Type actie: 506 Andere kwesties Activiteit: Aanbodplanning 506-40-176 Teeltbegeleiding/teeltvoorlichting/advisering (bijvoorbeeld teeltplan, tactische perceelsplanning, oogstspreiding, nieuwe rassen) Teeltadvisering ten behoeve van telers INOVA rassen dient eveneens op deze begrotingsregel te worden opgevoerd (50 % subsidie). Activiteit: Andere kwesties 506-41-178 Educatieve bijeenkomsten, zoals trainingen/cursussen/seminars/symposia/congressen (niet gespecificeerd) Onder voorbehoud van eventueel nader door het PT te stellen voorwaarden. 506-41-179 Uitgaven voor advieskosten op het gebied van onderzoek Onder voorbehoud van eventueel nader door het PT te stellen voorwaarden 506-41-180 Uitgaven voor studiereizen en beursbezoek: Op grond van punt 23 van bijlage VIII van Verordening (EG) nr. 1580/2007 dient dit beperkt te blijven tot het grondgebied van de Europese Gemeenschap. Onder voorbehoud van eventueel nader door het PT te stellen voorwaarden.

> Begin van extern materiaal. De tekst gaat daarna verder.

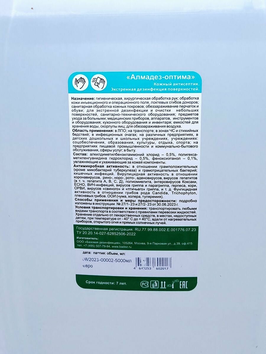 Антисептик для рук и поверхностей бесспиртовой 5 л, алмадез-оптима, дезинфицирующий, жидкость, АО-547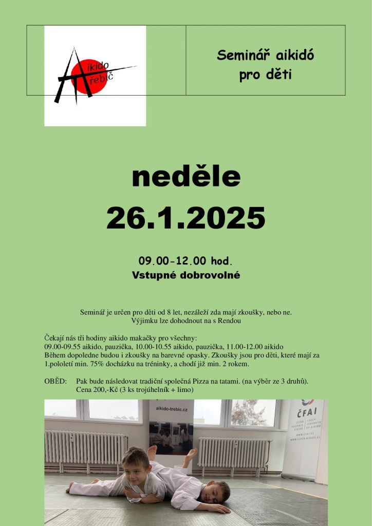 Pozvánka na seminář aikido pro děti od 9 let. V sobotu 6.12.2025 od 09.00 do 12.00hod. Tři hodiny cvičení aikido...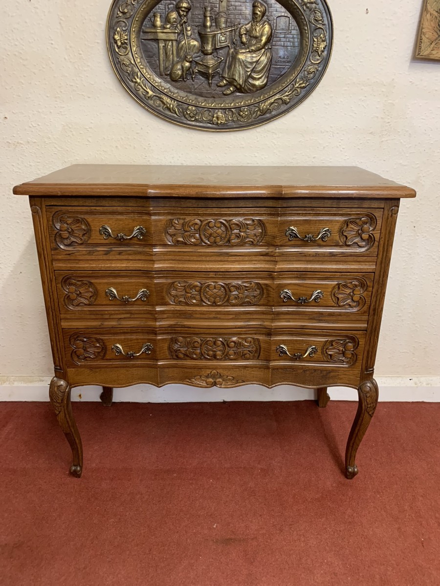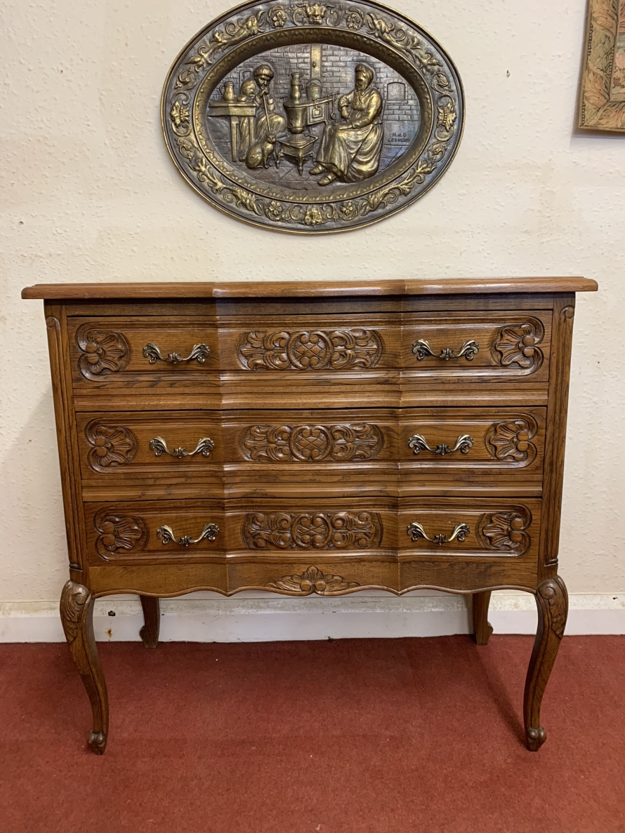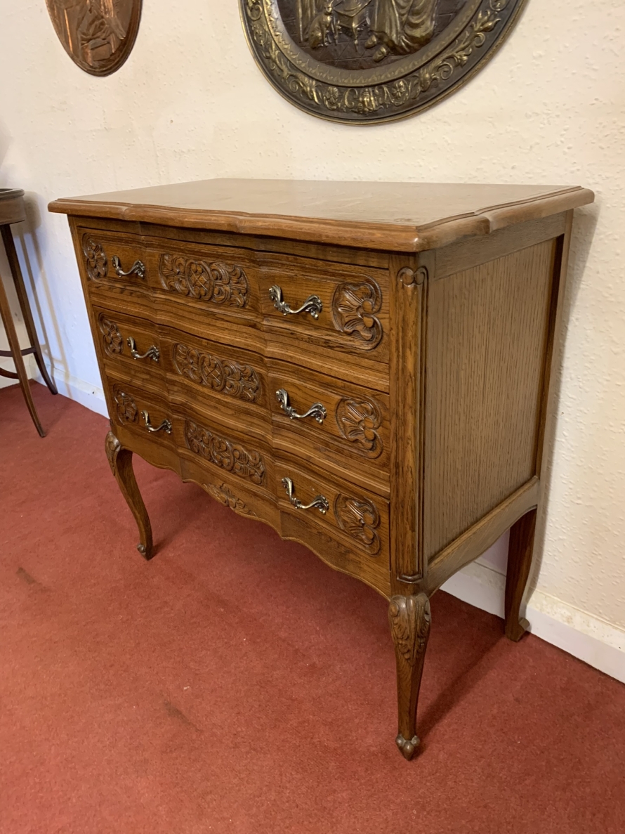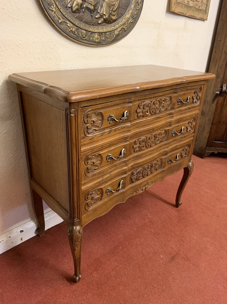 - Elegant French Carved Oak Three Drawer Chest/commode (11)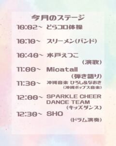 キッズダンス、太鼓の演奏、バンド、吹奏楽、伝統芸能の披露、空手の演舞etc...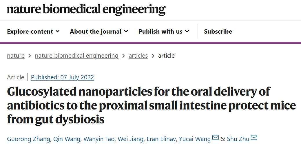 2022年7月7日,中国科学技术大学生命科学与医学部朱书教授与王育才教授团队在 Nature Biomedical Engineering 期刊上发表了题为:Glucosylated nanoparticles for the oral delivery of antibiotics to the proximal small intestine protect mice from gut dysbiosis 的研究论文。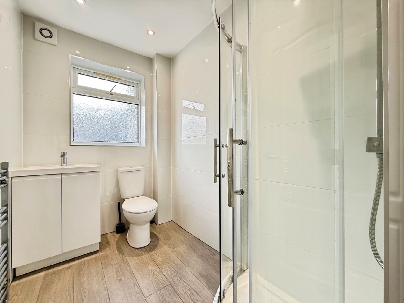Fitted with a white three piece suite comprising of W/C, corner shower enclosure, sink set in vanity unit, polished chrome heated towel rail, partly tiled walls, wood effect flooring, uPVC double glazed frosted window to side elevation.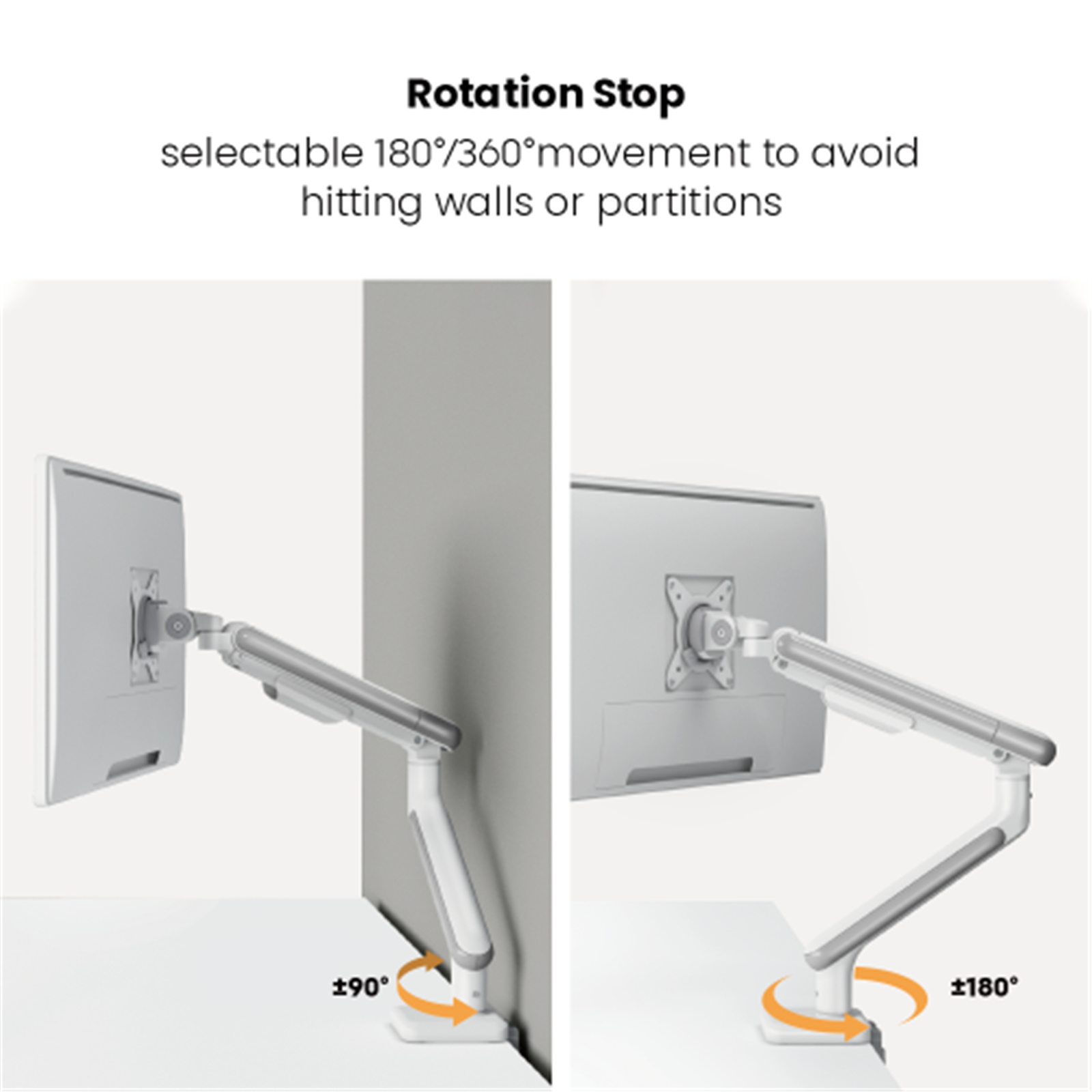 - 180 ° Rotation Stop: prevents monitor arm from swinging into screens or walls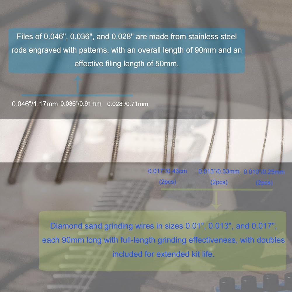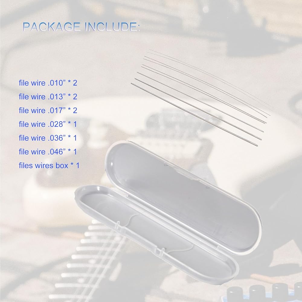 - 0.010" (2pcs), 0.013" (2pcs), 0.017" (2pcs), the filing wires are narrower, made with stainless steel coated in diamond for precision.

Criteria voor het in aanmerking nemen van uitgaven
Versie juli
Pagina van
Maatregel 6: Crisispreventie maatregelen: Voor acties opgenomen onder deze maatregel geldt in het algemeen deze op grond van artikel 103 quater, lid 2 van Verordening (EG) nr. 1234/2007 niet meer dan één derde van de uitgaven uit hoofde van het operationeel programma mogen uitmaken.
Indien dergelijke acties deel uitmaken van het operationeel programma, kan het maximale percentage EU-steun voor het operationele programma op grond van artikel 103 quinquis van Verordening (EG) nr. 1234/2007 worden verhoogd tot 4,6% van de waarde van de verkochte productie. Deze extra 0,5% mag uitsluitend worden aangewend voor acties in het kader van deze maatregel.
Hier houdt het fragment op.